To be effective in their workplace, individuals need to take care of themselves and advocate for their personal and professional needs.

• Seek professional development opportunities. Investing in professional development is critical for keeping work in FSL fresh. Make it a priority to find ways to constantly learn. Learning does not always have to occur at conferences. It can occur via webinars, reading books and articles, conducting informational interviews, having benchmarking conversations with colleagues, or watching a TED talk. When attending conferences, webinars, or workshops, review the information, discuss knowledge discovered with colleagues and your supervisor, and create action steps for how to apply these concepts. Conferences outside the normal scope of an individual’s current industry can also be helpful in providing new knowledge that is transferable to a current role.

• Take care of yourself. At the end of the day, effective employees take time to recharge. Take vacation time. Use sick days. Get a physical. Find a hobby and stick to it. Practice wellness strategies. Spend time with loved ones. Most importantly, remember life is not always about work.

Longevity is a concern, so to elongate time in FSL, professionals must make a concerted effort to enact these practices. Following through on these practices will have a positive impact on the work environment and on enhancing the overall student experience.

How to Take Control of Your Day

To create a more effective workplace, here are some suggestions for incorporating new practices to help reframe your work:

Avoid filling your calendar with meetings. Consider block scheduling — schedule time for projects and stick to those times by actually working on those projects.

Find time to talk to others throughout the day. It’s important to remember our work cannot be done in silos. Take time to engage with others by running ideas by them, getting feedback on performance, and working through challenging situations.

Don’t get sucked in to email. Like project planning, set aside times during the day to focus just on emails.

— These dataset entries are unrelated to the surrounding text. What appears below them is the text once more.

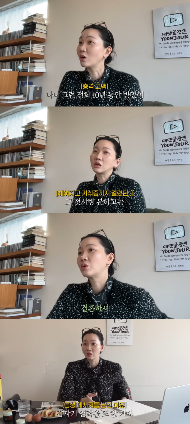 이어 “며칠 뒤 내가 다니는 미용실 원장님이 ‘윤주야, 그 분 결혼한다더라’라고 하더라”며 “결혼을 앞두고 갑자기 또 연락을 한 거였다”고 설명했다. 그는 “그 사람과 헤어진 지 8년이 넘었는데, 그 미용실에서 펑펑 울었다”며 당시를 떠올렸다.
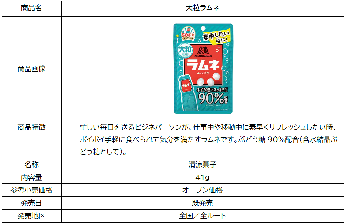 森永製菓株式会社(東京都港区芝、代表取締役社長・太田 栄二郎)は、「森永ラムネ」の発売50周年を記念して、「森永ラムネ」の約3.9倍の大きさの「超大粒ラムネ」を7月25日(火)より新発売いたします。
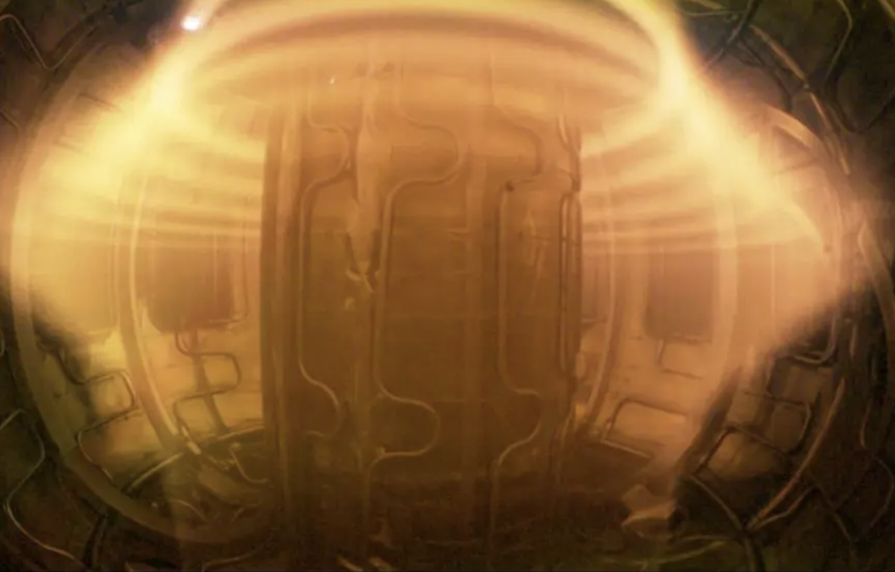 托卡马克被誉为“人造太阳”,其装置的中央是一个环形的真空室,外面缠绕着线圈,在通电时内部会产生巨大的螺旋形磁场,将其中的等离子体加热到很高的温度,以达到核聚变的目的。
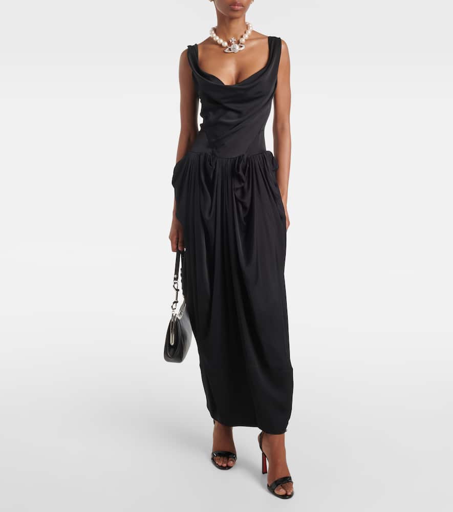 Material: 100% viscose. Care instructions: dry clean. Made in Italy. Designer color name: Black. Closure: zipped back. Shop the latest Vivienne Westwood Maxi Dresses for women.
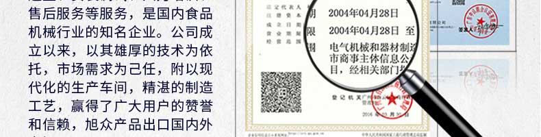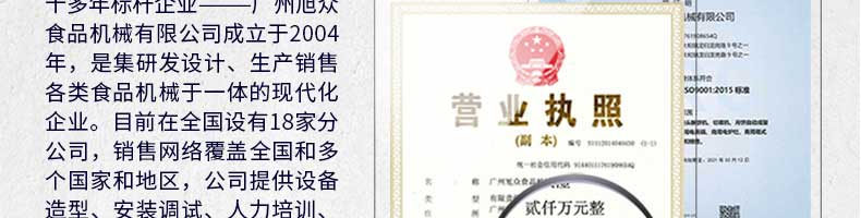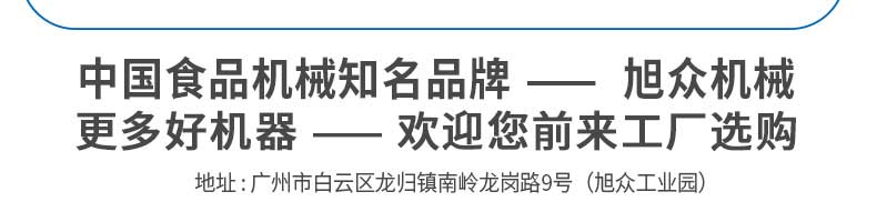 廣州旭眾食品機(jī)械有限公司是一家集科研開(kāi)發(fā),生產(chǎn)設(shè)計(jì),營(yíng)銷(xiāo)服務(wù)為一體的現(xiàn)代化生產(chǎn)企業(yè)?,F(xiàn)代化生產(chǎn)車(chē)間,精湛制造技術(shù),所產(chǎn)機(jī)械歷經(jīng)市場(chǎng)重重考驗(yàn),不斷贏得海內(nèi)外客戶(hù)的贊譽(yù)。
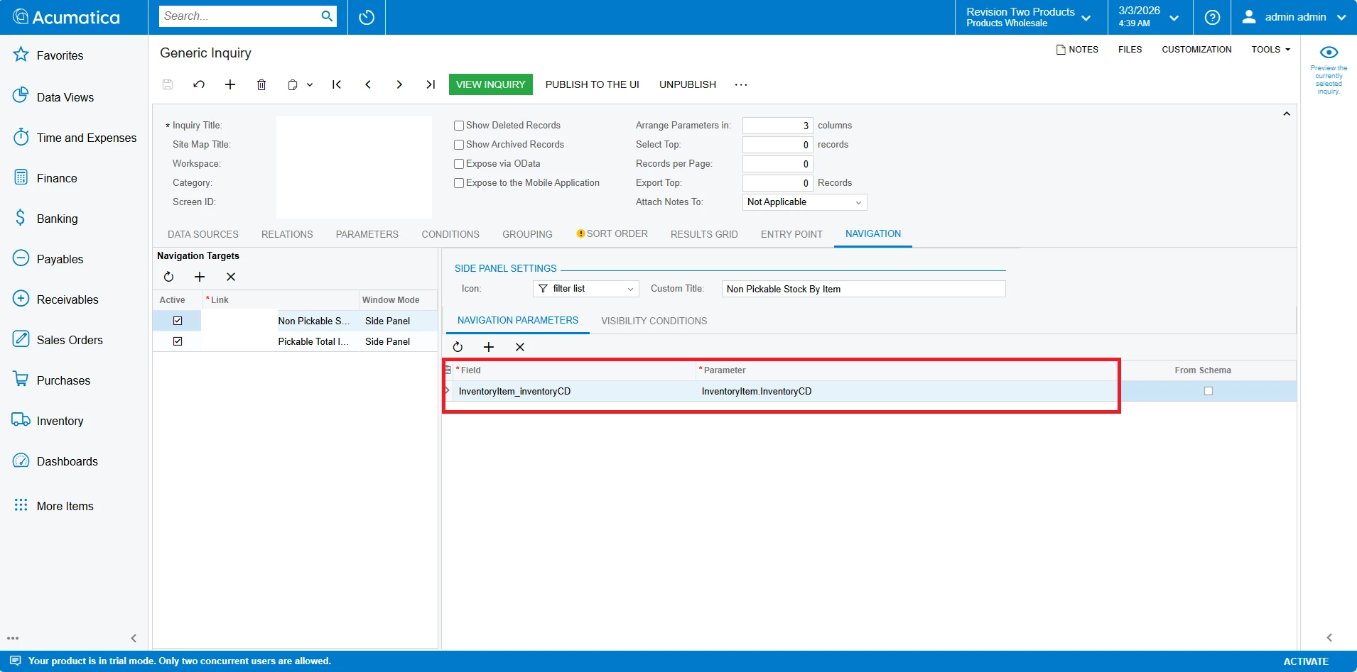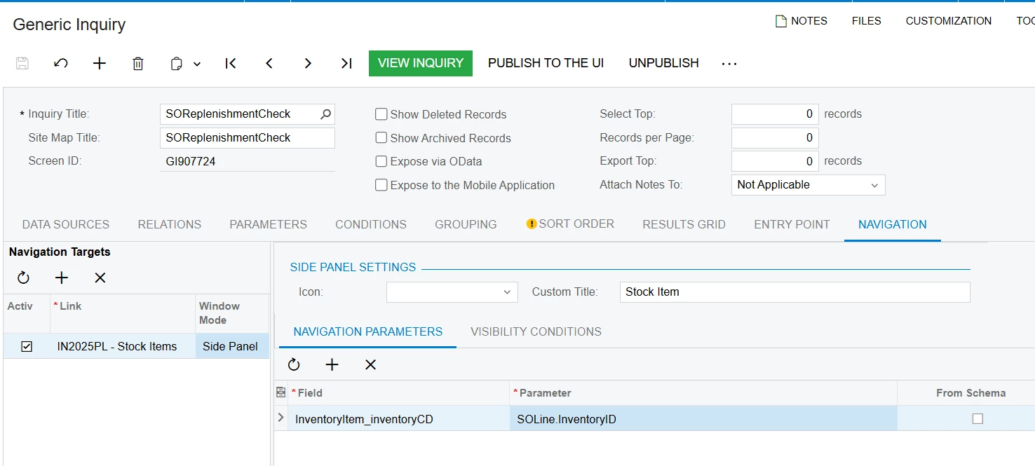 For the side panel link condition, I am currently using: InventoryCD = InventoryCD
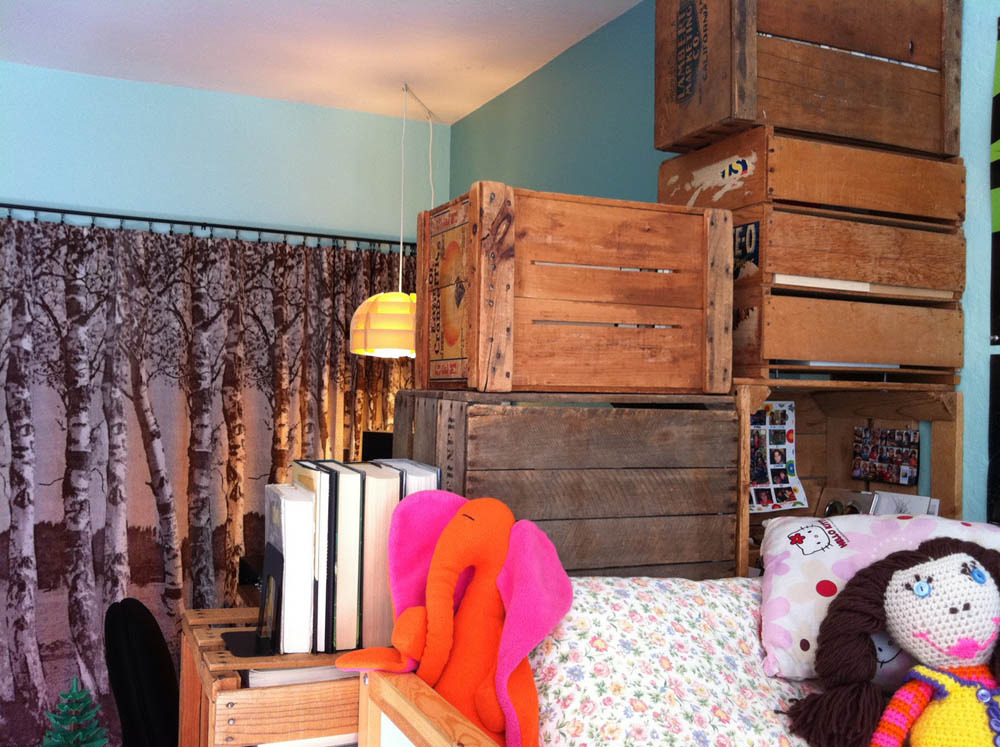 I knew exactly what I wanted when I went looking for the crates to make the separation between the office and the bedroom. I’m not sure what I would’ve done if I wouldn’t have found them. Maybe a curtain? Pretty much everything besides the crate divider was already here and waiting for a home.

Make planning time a priority every week. Use this time to create a to-do list, make agendas for meetings, and find spaces for non-student work.

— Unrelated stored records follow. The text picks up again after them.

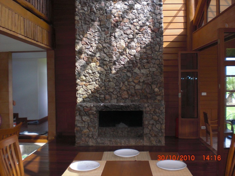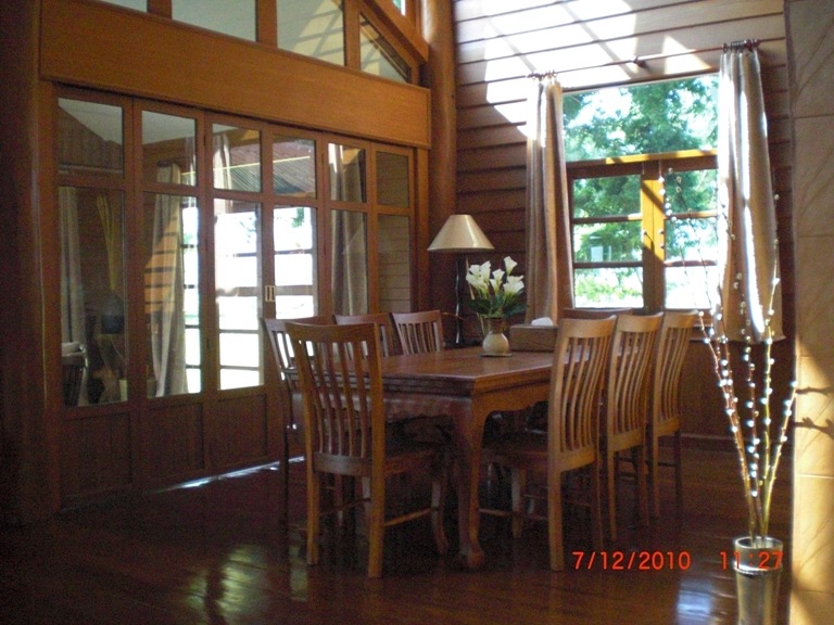-มีเตาผิงไฟภายในบ้าน,ตกแต่งภายในด้วยไม้สักทั้งหลัง,พร้อมเฟอร์นิเจอร์ไม้สัก
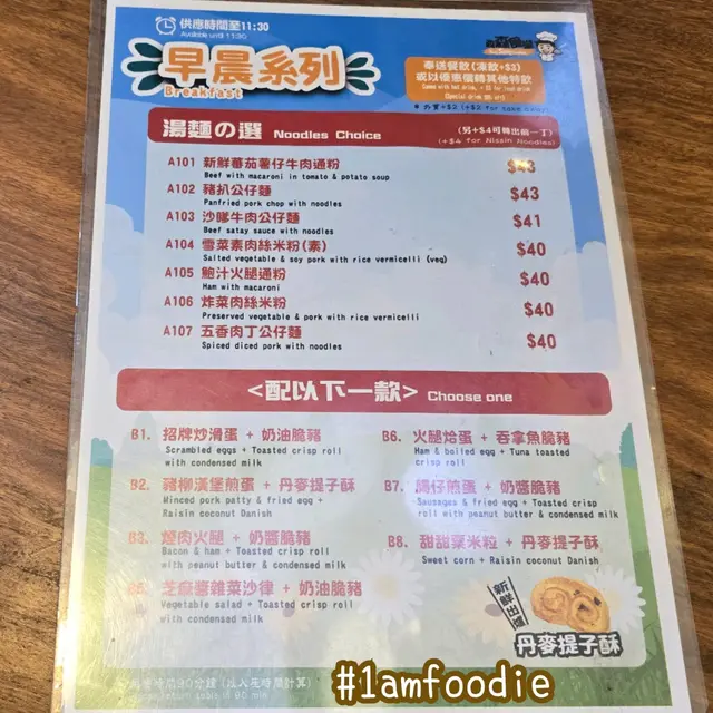 #1amfoodie #hkig #foodie #hk #hongkong #hongkongfoodie #hkfoodblogger #foodiehk #topcitybiteshk #hkeat #hkfoodstagram #thatfoodiething #instagood #love #hkigfood #hkfoodlove #hkfoodblog #globaleats #foodieman #1am東區 #北角 #森森食堂 #早晨系列 #湯麵之選 #新鮮蕃茄薯仔牛肉通粉 #腸仔煎蛋 #奶醬脆豬 #熱奶茶 #輕盈之選 #牛奶粟米片 #雙煎蛋 #雙漢堡扒 #杏仁霜 #1am1724 #1ambackup
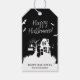En anpassningsbar Halloween-fest presentetikett med ett spökhus med katter, fladdermöss, gravsten och ugglor och svart-vit-randiga bakgrund. Denna presentetikett är perfekt för festfavoriter.
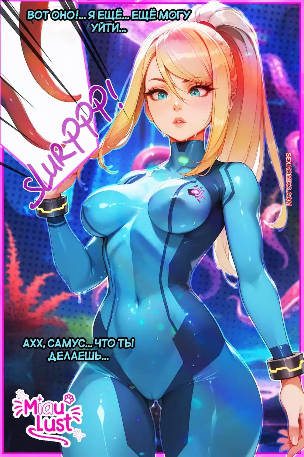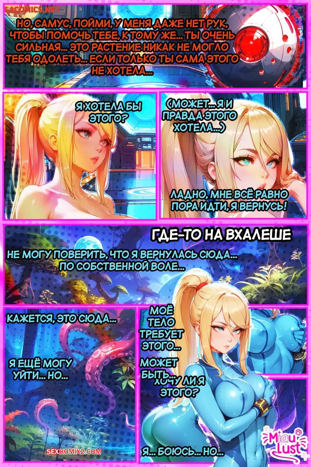 Порно комикс Соблазненная щупальцами. PinkPages. Samus. Miaulust Горячая блондинка Самус была схвачена большими тентаклями. Они сорвали на ней одежду, после чего стали трахать ее пизденку, заставляя ее мощно кончить.

Determine how you will prioritize your work. A method to use is Eisenhower’s Box, which has 4 quadrants: urgent and important (tasks you will do immediately), important but not urgent (tasks you will schedule for later), urgent but not important (tasks you will delegate to someone else), and neither urgent nor important (tasks you will eliminate).

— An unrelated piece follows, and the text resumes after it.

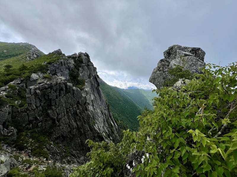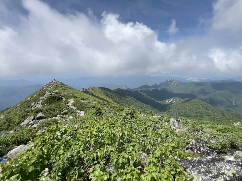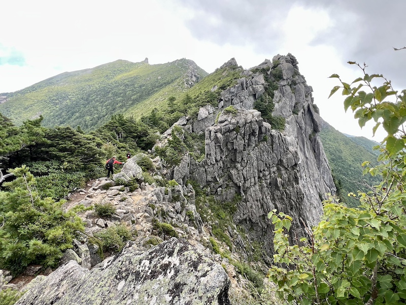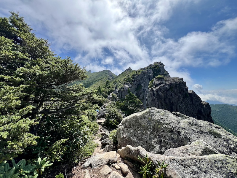 ここから先の稜線歩きがこのコースの醍醐味。トレイルは頂上に向かって左手に曲がっていく感じで、向こうに見えるすごい絶壁が「千代ノ吹上」です。
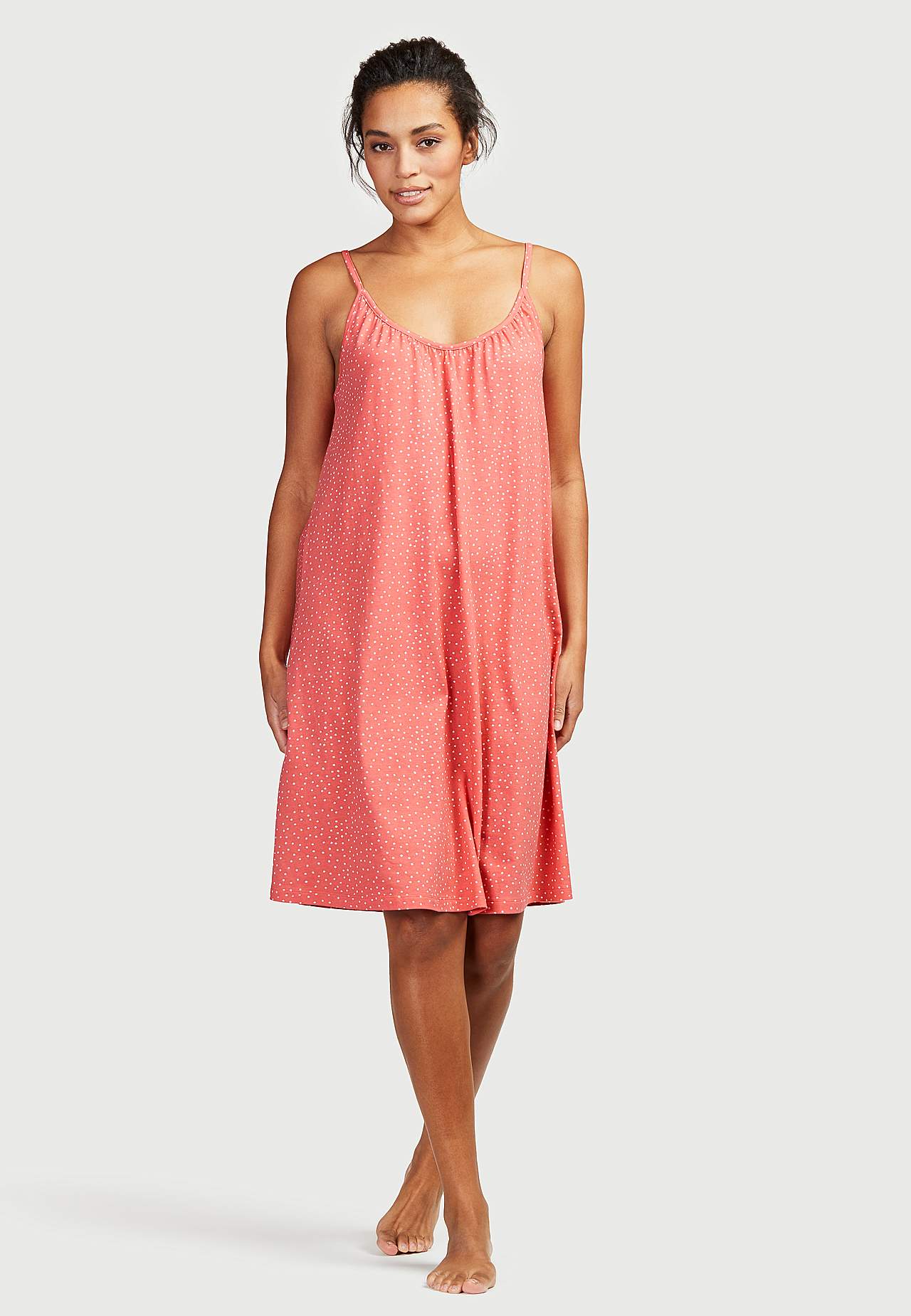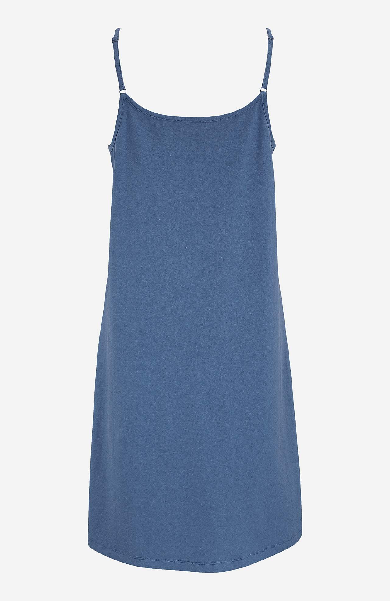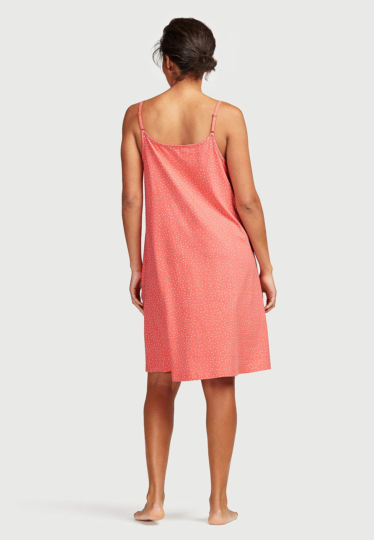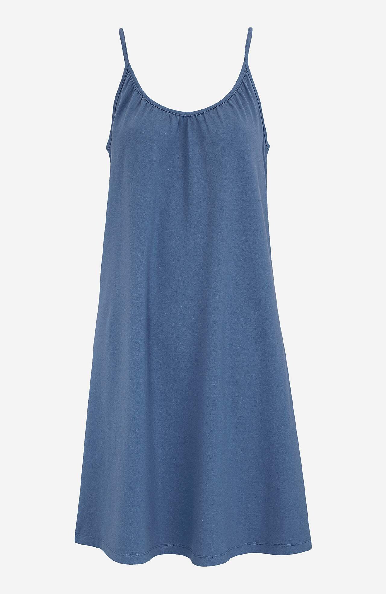 Koszula nocna do kolan bez rękawów. Dekolt w kształcie V z marszczeniami z przodu. Cienkie i regulowane ramiączka. Długość z tyłu zależna od rozmiaru, ok. 93-104 cm.

Temper procrastination. Be realistic in setting aside an amount of time something takes to complete. Challenge the temptation to wait until the last day to do something. Schedule work in smaller chunks, and work toward the final product piece by piece.

Don’t get bogged down by “the mess.” Find ways to be solution-oriented. Talk through situations with others, consider root causes, find what works, and stick to that solution.

Give yourself deadlines. You are your best accountability buddy — use that to your advantage.

Avoid multitasking. The human brain is not wired to multitask. Do one thing at a time and give it your full attention.

Resist the urge to keep your door open at all times. While we want to be available as much as possible, sometimes adding earbuds or simply closing the door might help with focus and task completion. Consider blocking time in your calendar to keep the door closed and place a note on it to share how to get ahold of you.

Viancca Williams is the assistant director of fraternity & sorority life in the Center for Student Involvement at the University of South Florida (USF). She is an active volunteer for the Association of Fraternity/Sorority Advisors, the Association of Fraternal Leadership and Values (AFLV), and her sorority, Alpha Chi Omega, and she serves as a co-lead facilitator for LeaderShape and the North American Interfraternity Conference programs. A native of Santurce, Puerto Rico, Viancca earned her B.A. in psychology from The University of Tampa, her M.Ed. from USF, and is currently in the dissertation phase of her Ph.D. (at USF) focusing on exploring the factors associated with retention and attrition of campus-based fraternity/sorority advisors.